Shakespeare and Company: Heaven on earth

Image credit: stmaciorowski

I first visited Shakespeare and Company last summer, having discovered this particular literary Mecca online. Although I have, at the time of writing, only been there once, I say "first" because I am confident that I will return, drawn back like an iron filing to a magnet, like so many others before me. Originally, I was intrigued by the bohemian nature of the place, mainly because, like many of the various Tumbleweeds that have drifted through its doors, I fancied myself as a writer, although I had yet to write anything of either quality or quantity.

For months before I returned to the bustling glamour of Paris, with its new, threatening air courtesy of the bullies and cowards who have rented her heart and terrorised her people, I dreamed of the bookshop. It became, to me, a shining vault of words and people and the kind of heritage that does not make it into the history books, for it is deemed too small or too insignificant. The dreams, hopes, and love affairs of over thirty thousand literary vagrants who have crossed its doors are not considered important in a world which only seems to record wars and politics.

We arrived in Paris early one morning, and took the sleepy métro to Île de la Cité, so we could take in the surprisingly understated beauty of Notre Dame in the dim morning light. It is at its best and most monumental before hordes of tourists descend upon it like vultures upon a carcass, all vying for the best photograph. For some who take shelter in the bookshop as a temporary home, the sight of Notre Dame has become part of the fabric of their everyday life, as they open the blinds and reorganise the books in Sylvia Beach's library. It looks out over the Seine to the place where Amélie's mother, in Jean-Pierre Jeunet's wondrously chaotic film, is killed by a desperate Canadian tourist bent upon ending her life.

I spotted the famous esplanade from the Pont au Double; immediately, I felt like I had caught a glimpse of home in the distance. Alas, we had been too eager, and so we had to wait while the shop was awakened, a red rope slung across the entrance tantalisingly, like a finish-line ribbon I'd been waiting my entire life to cross, without knowing it.

Once inside, I was stunned into silence. Here was a place of words and thoughts; here was a home for writers and wanderers. Perhaps I should take after one poet who stayed there for five years, since that would be the only way to even make a dent in the mass of volumes that exist there purely to remind you of how much there is to learn and how many writers there are just crying out to be heard.
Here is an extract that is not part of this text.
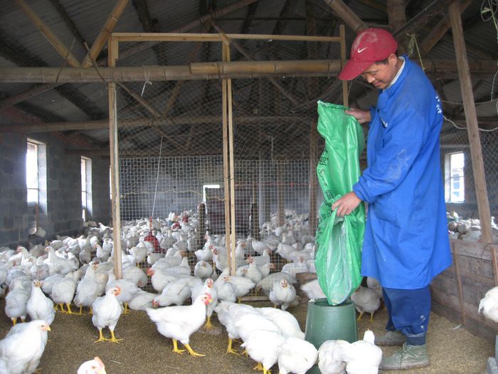 于是,去年下半年他开始另谋养鸡出路。他看中了位于红旗分场远离生活区的一片开阔地,花了4.5万元把别人使用过的简陋大棚鸡舍盘下来,又投入10万多元对1000平方米鸡舍进行改造,引进自动化饮水机,同时改善鸡舍采光、通风设施,并在鸡舍外面的空地上开辟了几座封闭式操场。第一批7000只公鸡全部是优质白三黄,而且是和安庆市永强禽业大市场签订的三包合同订单,对鸡苗、饲料和肉鸡出售价格全部“锁定”,他和妻子只在基地养鸡,不出家门,从鸡苗、饲料引进到技术指导和销售等其他一系列环节全由合作方“搞定”。
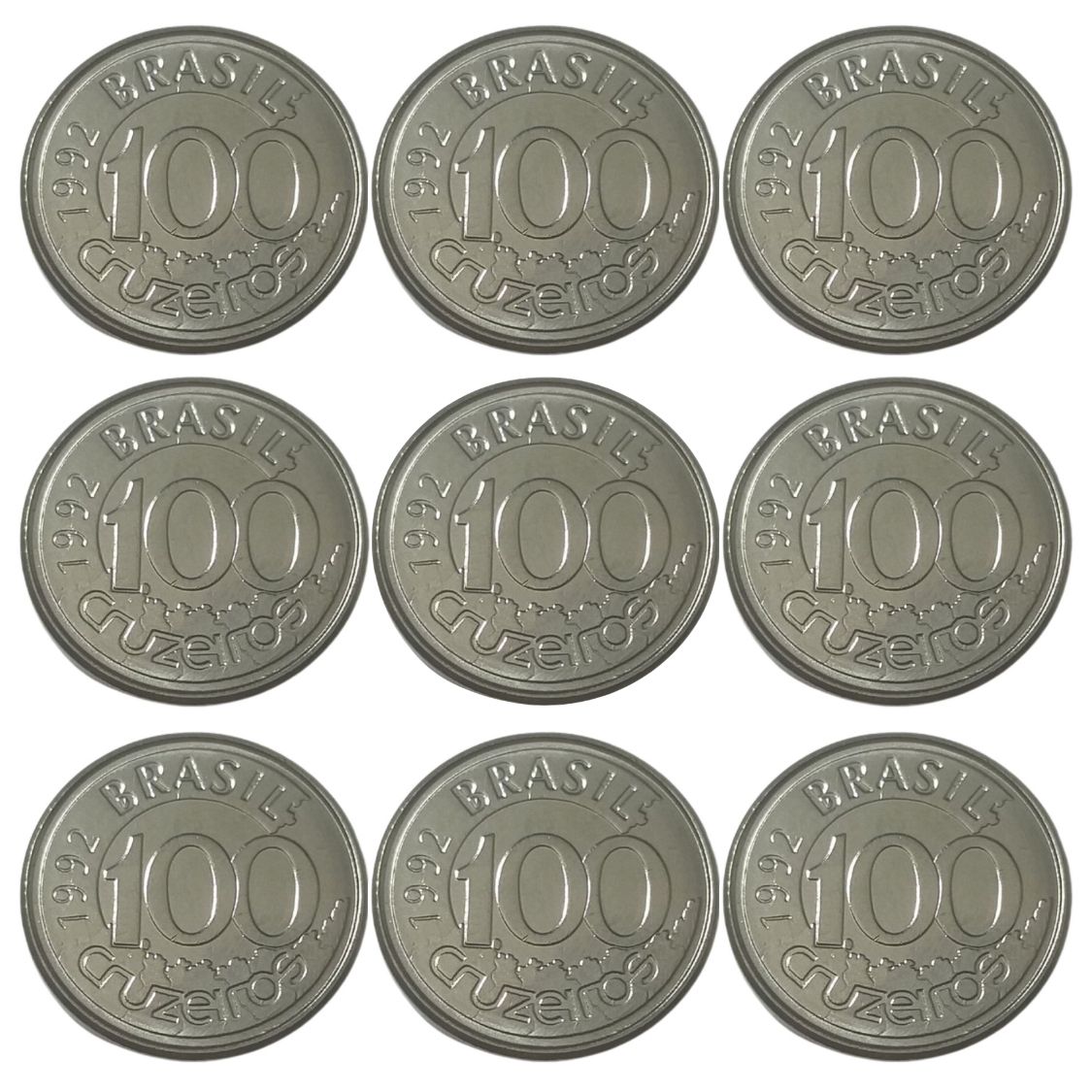 Promoção - 9 Moedas de 100 Cruzeiros 1992 - V-423 - Peixe Boi - Aço Inox - Flor de Cunho

To read the entirety of Sylvia Beach's extensive library would probably provide you with a better education than any university ever could.

After a few hours browsing the shelves and forcing myself to be rational about the fact that I could not afford to buy all the books that I had gathered in an ecstasy of blurb-reading, what particularly struck me about the bookshop was its motto, painted in uneven capitals above a door: “be not inhospitable to strangers, lest they be angels in disguise.” All who pass through the doors start off as strangers, and may certainly be strange; yet here, in these walls that seem to be built of books, we have found heaven on earth.